_Material to process_:
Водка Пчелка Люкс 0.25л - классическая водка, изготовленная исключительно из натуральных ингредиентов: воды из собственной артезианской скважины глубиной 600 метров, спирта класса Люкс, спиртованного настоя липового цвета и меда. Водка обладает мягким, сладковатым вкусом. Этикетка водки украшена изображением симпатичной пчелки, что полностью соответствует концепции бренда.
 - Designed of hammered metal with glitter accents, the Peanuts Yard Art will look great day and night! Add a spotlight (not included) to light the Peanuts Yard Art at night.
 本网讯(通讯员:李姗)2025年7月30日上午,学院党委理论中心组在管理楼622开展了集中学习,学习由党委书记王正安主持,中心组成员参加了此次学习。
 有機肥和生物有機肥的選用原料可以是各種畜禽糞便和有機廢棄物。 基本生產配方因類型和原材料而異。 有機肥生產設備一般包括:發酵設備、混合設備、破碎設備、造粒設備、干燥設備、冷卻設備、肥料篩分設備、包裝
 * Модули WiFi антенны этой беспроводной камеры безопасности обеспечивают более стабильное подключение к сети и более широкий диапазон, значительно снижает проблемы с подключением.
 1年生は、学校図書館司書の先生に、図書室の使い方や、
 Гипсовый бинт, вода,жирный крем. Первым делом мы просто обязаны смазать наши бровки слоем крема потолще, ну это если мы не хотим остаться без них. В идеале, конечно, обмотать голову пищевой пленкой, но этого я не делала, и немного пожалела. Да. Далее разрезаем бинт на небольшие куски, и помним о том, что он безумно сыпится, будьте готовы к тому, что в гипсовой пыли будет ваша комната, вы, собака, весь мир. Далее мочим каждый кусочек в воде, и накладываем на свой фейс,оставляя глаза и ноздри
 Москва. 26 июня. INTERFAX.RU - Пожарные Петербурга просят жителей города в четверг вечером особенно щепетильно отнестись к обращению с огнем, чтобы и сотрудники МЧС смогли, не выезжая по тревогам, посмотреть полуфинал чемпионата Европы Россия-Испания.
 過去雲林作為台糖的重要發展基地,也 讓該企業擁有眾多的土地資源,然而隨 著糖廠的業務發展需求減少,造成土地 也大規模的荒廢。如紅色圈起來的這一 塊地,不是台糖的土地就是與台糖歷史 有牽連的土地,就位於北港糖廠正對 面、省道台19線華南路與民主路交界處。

_Try it_: What are the lines above, starting at the one with "проблемы с подключением." and ending at the one with "Гипсовый бинт, вода,жирный"? Give them again exactly, and only them.

_Answer to the problem_:
 * Модули WiFi антенны этой беспроводной камеры безопасности обеспечивают более стабильное подключение к сети и более широкий диапазон, значительно снижает проблемы с подключением.
 1年生は、学校図書館司書の先生に、図書室の使い方や、
 Гипсовый бинт, вода,жирный крем. Первым делом мы просто обязаны смазать наши бровки слоем крема потолще, ну это если мы не хотим остаться без них. В идеале, конечно, обмотать голову пищевой пленкой, но этого я не делала, и немного пожалела. Да. Далее разрезаем бинт на небольшие куски, и помним о том, что он безумно сыпится, будьте готовы к тому, что в гипсовой пыли будет ваша комната, вы, собака, весь мир. Далее мочим каждый кусочек в воде, и накладываем на свой фейс,оставляя глаза и ноздри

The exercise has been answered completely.